Has anyone used GoldCore for investment advice? If so, would you recommend them? 

Are they classed as a low-cost fee-based broker?

Thanks in advance


----------



## farmerette (9 Jun 2011)

I would recommend them, I own gold through them and thought about investing in a fund but didn't as the ones they were pushing were very long term, i found them to be a very clued in outfit however, very professional, far as i know, Constantine Guirdieve is now working for them in some capacity.


----------



## ATC110 (9 Jun 2011)

Thanks Farmerette. Is their primary focus on gold investment or do they offer comprehensive advice? Also, regarding their charging structure, are they low-cost?


----------



## Marc (9 Jun 2011)

Goldcore sold its Wealth Management dept in July 2015 in a management buyout


----------



## ATC110 (10 Jun 2011)

Thanks Marc. 

Considering the average investment figure mentioned above,  do you cater for clients with a five-figure sum to invest? Also,  considering the potential collapse of the euro, would it be possible to  invest in funds of another denomination (the obvious disadvantage being  the inherent FX risk) or at least euro denominated of a stable eurozone  state such as Germany?


----------



## Marc (11 Jun 2011)

Goldcore sold its Wealth Management dept in July 2015 in a management buyout


----------



## ATC110 (11 Jun 2011)

With the exception of a pension /PRSA fund, how liquid would these funds be for someone who wants to get out of cash but may need access to funds?

Thanks again


----------



## Marc (11 Jun 2011)

Goldcore sold its Wealth Management dept in July 2015 in a management buyout


----------



## Brendan Burgess (15 Jun 2011)

> Our initial fees for portfolio advisory services are typically around  1.5% for an average client (based on an average investment of  €1,000,000) but since we do not use Insurance company structures there  is no insurance company levy to pay so you avoid a 1% tax payable on  most other investments in Ireland making the effective cost payable  around 0.5%.



Hi Marc

I don't fully understand this. If I say to you that I have €1m to invest in a fund, I can understand that you might set up a fund for me and charge me €15,000 for doing so and that would be a lot cheaper than the initial charges and ongoing mangement charges of the life companies.

But let's say I go to you saying - I have €500k  in cash, €500k in an Irish Life fund, €500k in self administered pension fund and a few properties and a few mortgages and I want a general review of my finances. How do you charge for this service which may or may not lead to investing in one of your funds?


----------



## pbyrne (15 Jun 2011)

Hi Brendan,

I'll let Marc reply to your second question, but your first point is interesting and worth discussing further in relation to charges.

I am also trying to get a handle on what the initial and ongoing charges would be if I setup a portfolio with goldcore. (Can I firstly say they deserve great credit for listing their charges on their website so you can get an idea of the cost).

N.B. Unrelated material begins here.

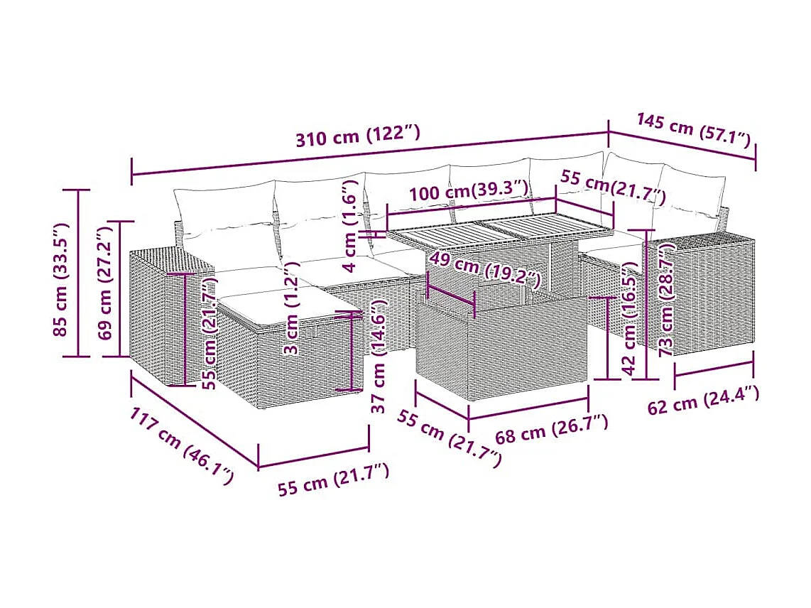 Salon de jardin 5 pcs avec coussins noir résine tressée acacia

Let's pretend I have 100k to invest, from what I can see it would work out as follows:

[broken link removed]

Initial Setup Cost
3% / €3000

Annual Costs
0.74% (goldcore review + balancing)
0.48% (underlying fund charges)
= 1.3% per year

While this is cheap compared to the unknown total cost of going down the life company route (anything between 1.5% and 3% from various bits of reading) it should be also compared to a simiar service available in the US where the cost is a nice 0.25%:

[broken link removed]

(They have an eye opening graph showing the impact of 0.25% Vs 1.0% annual fees over 10 years showing showing 100k of additonal cost assuming 1M fund with 7% growth)

So costs still matter, GoldCore I think are ahead of the game in Ireland for their approach and transparency but I still feel their ongoing costs are too high. 

I would welcome a debate on the need for ongoing management of a fund on an annual basis once it has been setup and you have set your own rebalancing rules.


----------



## Marc (15 Jun 2011)

Goldcore sold its Wealth Management dept in July 2015 in a management buyout


----------



## ATC110 (15 Jun 2011)

Marc said:


> We tend to work on the basis of a fixed fee for the preparation of a comprehensive financial plan which ranges from _*€2,000 plus VAT depending on the complexity of the plan. *_
> 
> A credit for the financial plan may be given against the implementation fees charged.
> 
> ...




The above-mentioned charge of €2000+VAT (in bold & italics) equates to approx. 5% of a €50,000 investment.

Does this represent good value? Would appreciate some opinions


----------



## Marc (16 Jun 2011)

For clarification we have two distinct services here which are being mixed up.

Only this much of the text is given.